Differentiation is a fundamental concept in calculus that allows us to determine how a function changes as its input changes. Differentiating a function gives us its derivative, which represents the rate of change or slope of the function's graph at any given point.Differentiation is particularly useful for understanding and analyzing the behavior of functions, especially when it comes to optimizing or solving real-world problems. In the exercise, we begin by differentiating the function, which in this case is given as \( f(x) = 2x^2 \). To differentiate this function, we use the power rule, which states that if \( f(x) = x^n \), then \( f'(x) = nx^{n-1} \). Applying the power rule, the derivative of \( f(x) \) becomes \( \frac{df}{dx} = 4x \). This derivative tells us that for each unit change in \( x \), the function's value changes by \( 4x \) units.To further explore these changes, we evaluate this derivative at a specific point, \( x = 5 \), yielding a change rate of 20 units at this point.This insight into the function's behavior helps us understand how fast or slow \( f(x) \) is increasing or decreasing.

The chain rule is a key method in calculus for differentiating composite functions, i.e., functions within functions. When a function is composed of multiple inner and outer functions, the chain rule offers a way to differentiate it by dealing with each function step by step.The chain rule states that if a function \( h(x) = f(g(x)) \), then its derivative can be found by multiplying the derivative of \( f \) evaluated at \( g(x) \) by the derivative of \( g \) evaluated at \( x \).In our exercise, while differentiating the inverse function \( f^{-1}(x) = \sqrt{\frac{x}{2}} \), the chain rule can be applied.First, represent the inverse function as \( y = (\frac{x}{2})^{1/2} \). Notice it's a composite of the square root function and the linear function \( \frac{x}{2} \).To differentiate, follow these steps:

• Differentiating the outer function \( (g(x))^{1/2} \) gives \( \frac{1}{2}(g(x))^{-1/2} \).
• Differentiating the inner function \( g(x) = \frac{x}{2} \) gives \( \frac{1}{2} \).

Multiply the results of these derivatives to find the derivative of the entire composite function,resulting in \( \frac{1}{2\sqrt{2x}} \).This process exemplifies how the chain rule facilitates the differentiation of complex function forms.

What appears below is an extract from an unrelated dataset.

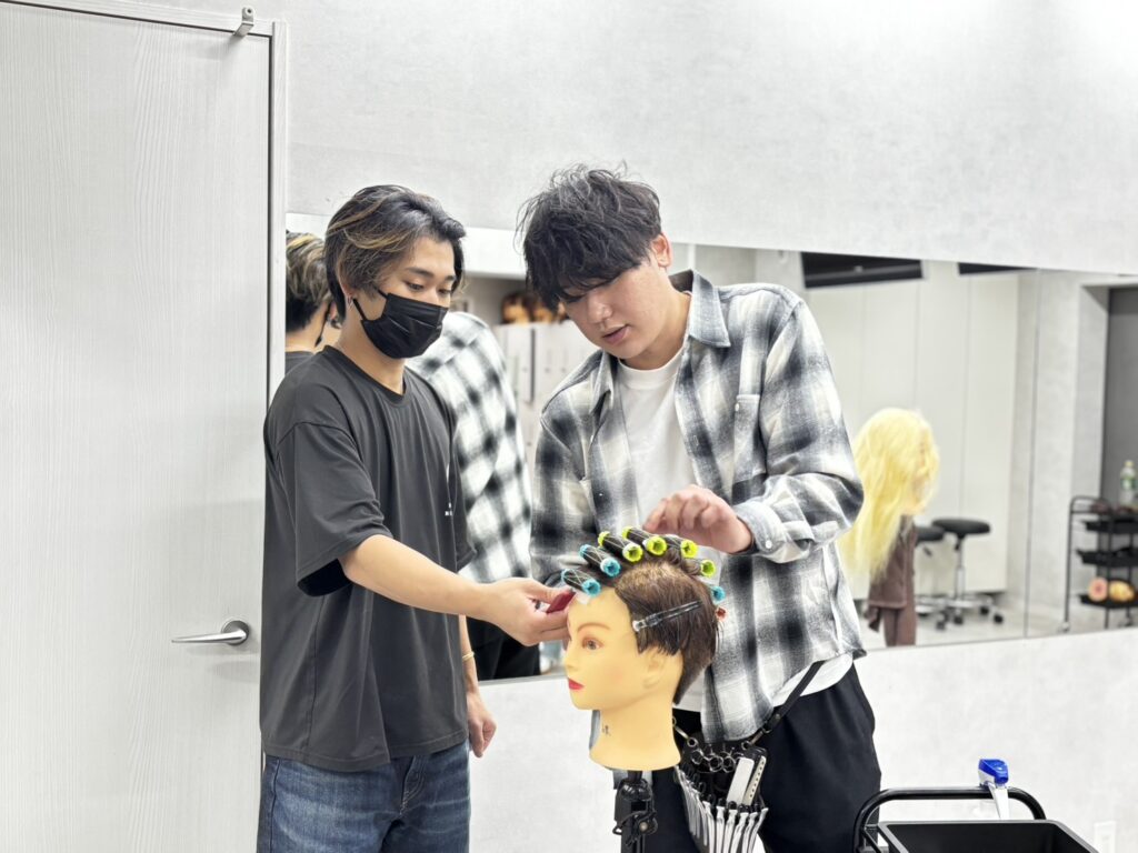 担当は、カット全般から薬剤知識、そして接客や言葉遣いまで、各種指導させていただいてます。

Graphing functions is a powerful way to visualize and understand the behavior of mathematical relationships. In the exercise, we are tasked with graphing both the original function \( f(x) = 2x^2 \) and its inverse \( f^{-1}(x) = \sqrt{\frac{x}{2}} \).The graph of \( f(x) = 2x^2 \) is a parabola that opens upwards, starting at the origin (0,0) since the given domain for \( x \) is non-negative. The inverse function \( f^{-1}(x) \), on the other hand, starts at the origin as well and represents the upper half of a sideways parabola.It's important to remember that an inverse function essentially "undoes" the original function.When you plot a function and its inverse on the same graph, they reflect across the line \( y = x \). This line acts as a mirror.

• The parabola of \( f(x) \) symmetrically mirrors the sideways parabola of \( f^{-1}(x) \).
• This property helps verify if the inverse function has been derived correctly.

Graphing illustrates how the outputs of one function become the inputs of its inverse, offering both algebraic and geometric insight into their relationship.

Inverse relationships reveal a unique aspect of functions where one function reverses or "undoes" the action of another. Finding inverse functions involves reversing the roles of the dependent and independent variables.In the exercise, we determine the inverse of \( f(x) = 2x^2 \) by solving for \( y \) in terms of \( x \), leading to the expression \( f^{-1}(x) = \sqrt{\frac{x}{2}} \).When dealing with inverse functions, an essential aspect is the relationship between their derivatives.For most well-behaved functions, the derivative of an inverse function \( \frac{df^{-1}}{dx} \) at a point is the reciprocal of the derivative of the original function \( \frac{df}{dx} \) at the corresponding point.In simpler terms:

• If \( \frac{df}{dx} \) is calculated at point \( x = a \) yielding a derivative value,
• Then the derivative \( \frac{df^{-1}}{dx} \) at \( f(a) \) should be the reciprocal of that value.

This relationship is demonstrated in the exercise where at \( x = 5 \), \( \frac{df}{dx} \) results in 20.For its inverse at \( x = f(a) = 50 \), the derivative is \( \frac{1}{20} \), confirming the reciprocal relationship exists.Such an interplay is crucial to understand not only theoretically but also practically, as it establishes a clear connection between functions and their inverses.